» **TASK TO COMPLETE**
Repeat, word for word, every line from the line holding "白沙綜合管廊項(xiàng)" through the final line of the entries below. Skip all pictures.

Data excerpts
+++
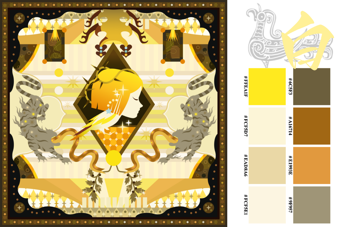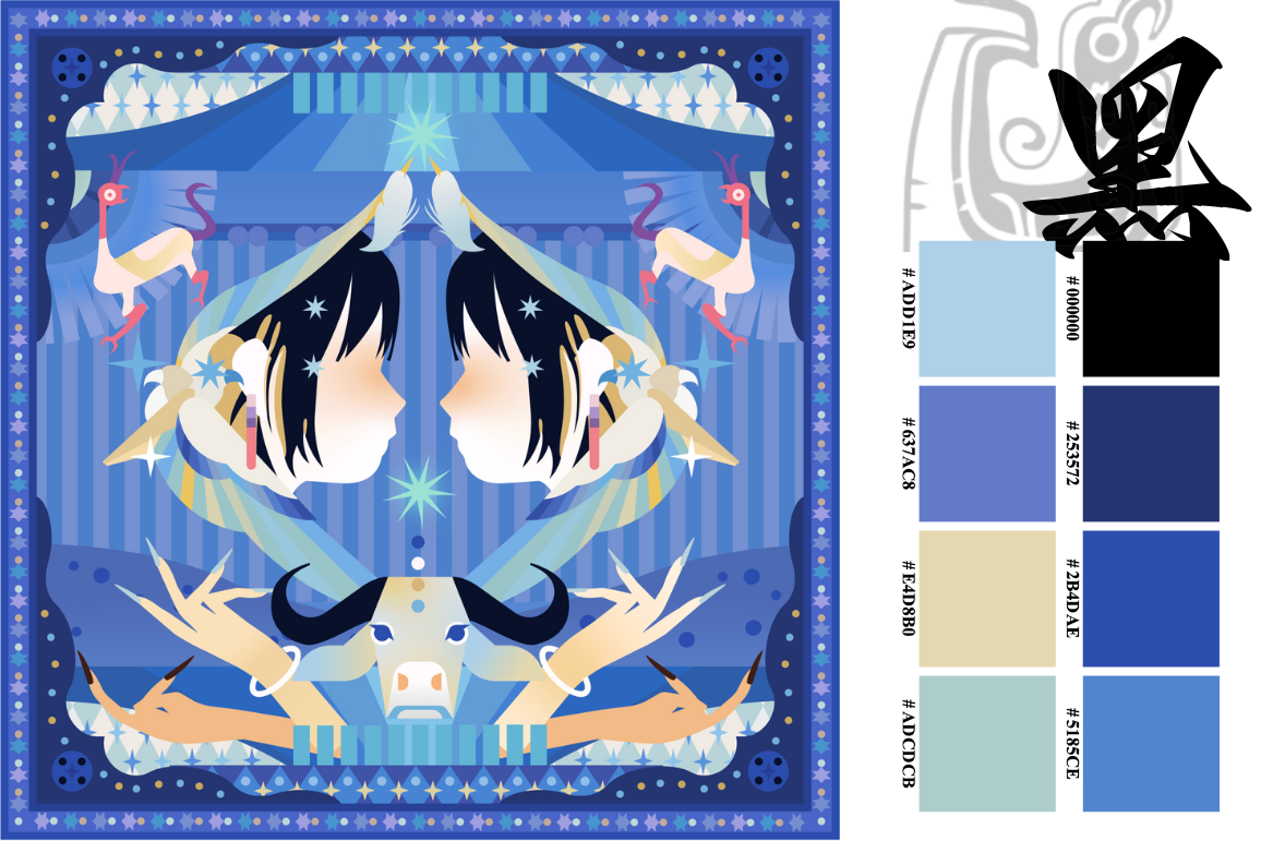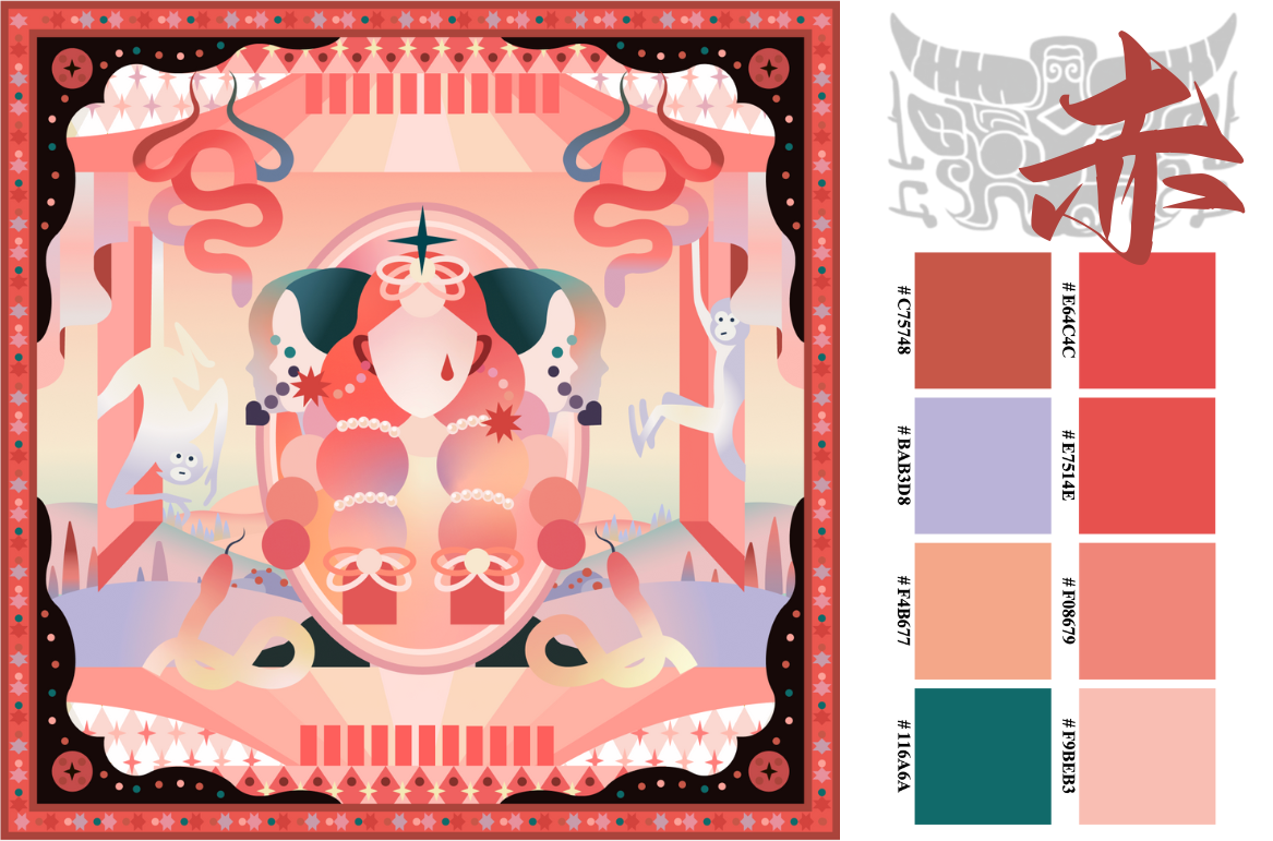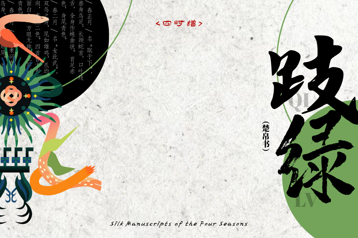 The Chu silk manuscript is the earliest silk manuscript with both pictures and texts unearthed in China so far, dating back to the Warring States Period. This work takes the twelve mysterious, strange and stylistically diverse images of the lunar gods depicted on the Chu silk manuscript as the prototype. Arranged in the order of the four seasons, by refining their modeling elements and symbolic features, the images of the twelve lunar gods are reconstructed into four composite patterns. It incorporates the natural concepts of the Chu region during the Pre-Qin period. In terms of color selection, it follows the color concept of the Chu silk manuscript, showcasing the natural worship and primitive expressions of the Chu region that the Chu silk manuscript carries.
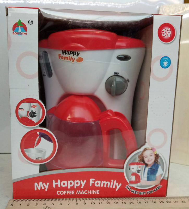 Кофеварка 5214 сделана из пластика, цвет её бело-красный. Чтобы залить в кофеварку водичку, надо будет открыть верхнюю крышку. Затем вставляется чайничек, а ручка переводится в режим «on». После этих действий кофеварочка начинает «работать» - у неё загорается световой индикатор, а в чайник начинает течь вода. Предназначено для деток от 3 - х лет. Габариты: 17 х 14 х 22 см. Размер коробки: 20 x 23 x 14 см.
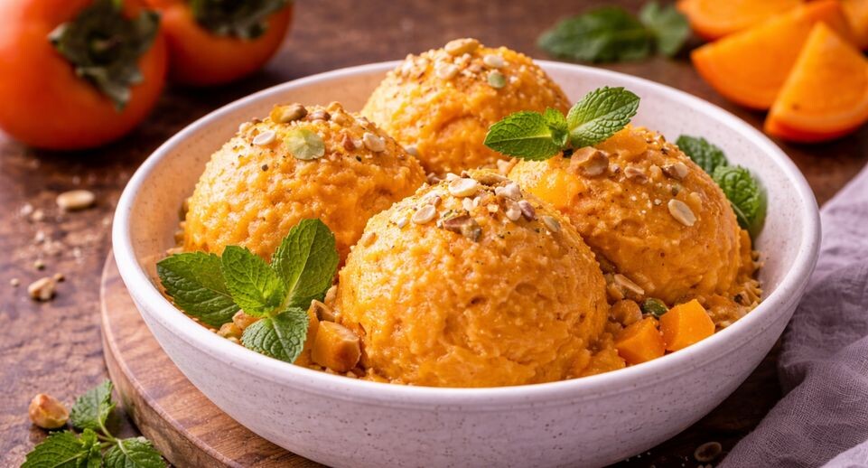 Великолепное сочетание натуральных ингредиентов делает этот десерт настоящей находкой для тех, кто следит за своим рационом. Хурма выполняет роль и натурального подсластителя, и основы, что позволяет получить великолепную текстуру и вкус.
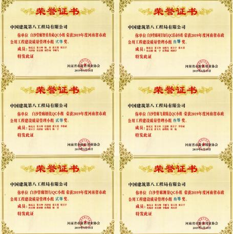 白沙綜合管廊項(xiàng)目在2019年度“河南省市政公用工程建設(shè)優(yōu)秀質(zhì)量管理小組”活動(dòng)成果發(fā)布會(huì)獲多項(xiàng)QC成果
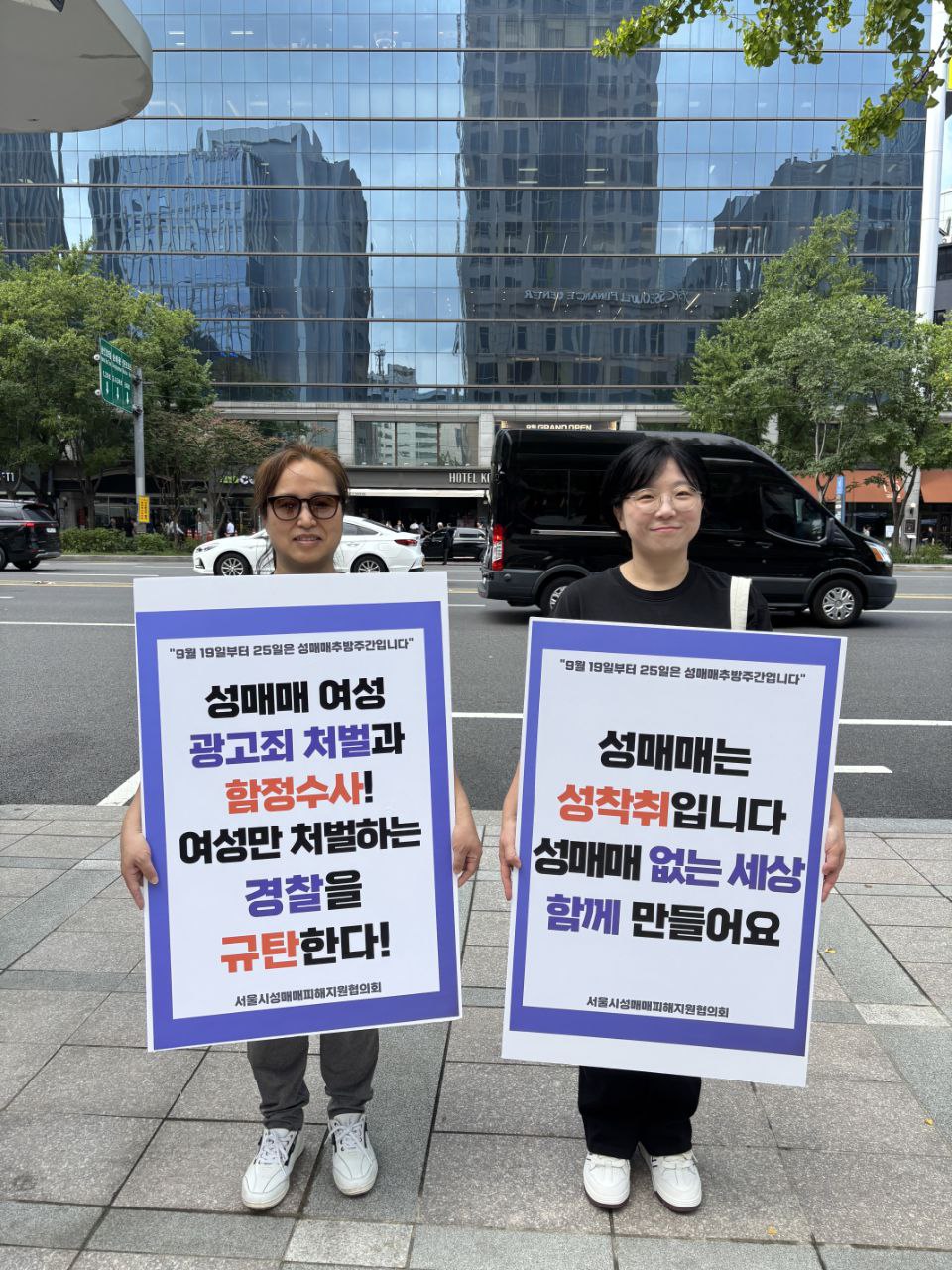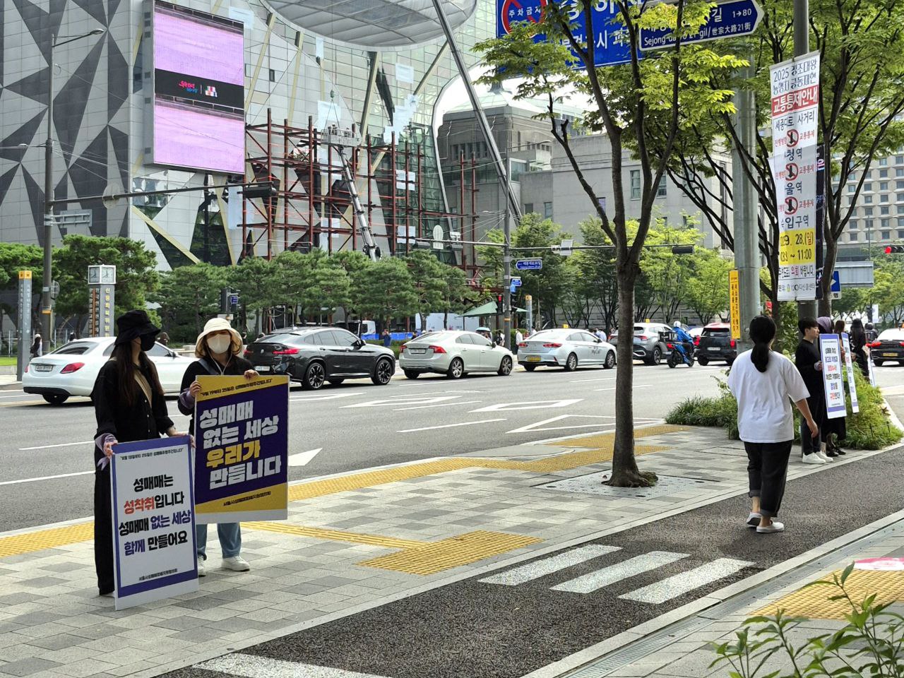 서울시성매매피해지원시설협의회는 성매매추방주간을 맞아 25일 서울 종로구 세종대로 일대에서 성매매 방지와 피해자 인권 보호를 주제로 캠페인을 벌였다. 이날 행사는 광화문역에서 서울시청까지 이어지는 세종대로 구간에서 진행됐으며, 협의회 소속 상담소·지원시설·자활지원센터·대안교육위탁기관 등 20개 성매매피해지원시설의 활동가 90명이 참여했다. |
+++
» **ANSWER BELOW**
 白沙綜合管廊項(xiàng)目在2019年度“河南省市政公用工程建設(shè)優(yōu)秀質(zhì)量管理小組”活動(dòng)成果發(fā)布會(huì)獲多項(xiàng)QC成果
 서울시성매매피해지원시설협의회는 성매매추방주간을 맞아 25일 서울 종로구 세종대로 일대에서 성매매 방지와 피해자 인권 보호를 주제로 캠페인을 벌였다. 이날 행사는 광화문역에서 서울시청까지 이어지는 세종대로 구간에서 진행됐으며, 협의회 소속 상담소·지원시설·자활지원센터·대안교육위탁기관 등 20개 성매매피해지원시설의 활동가 90명이 참여했다. |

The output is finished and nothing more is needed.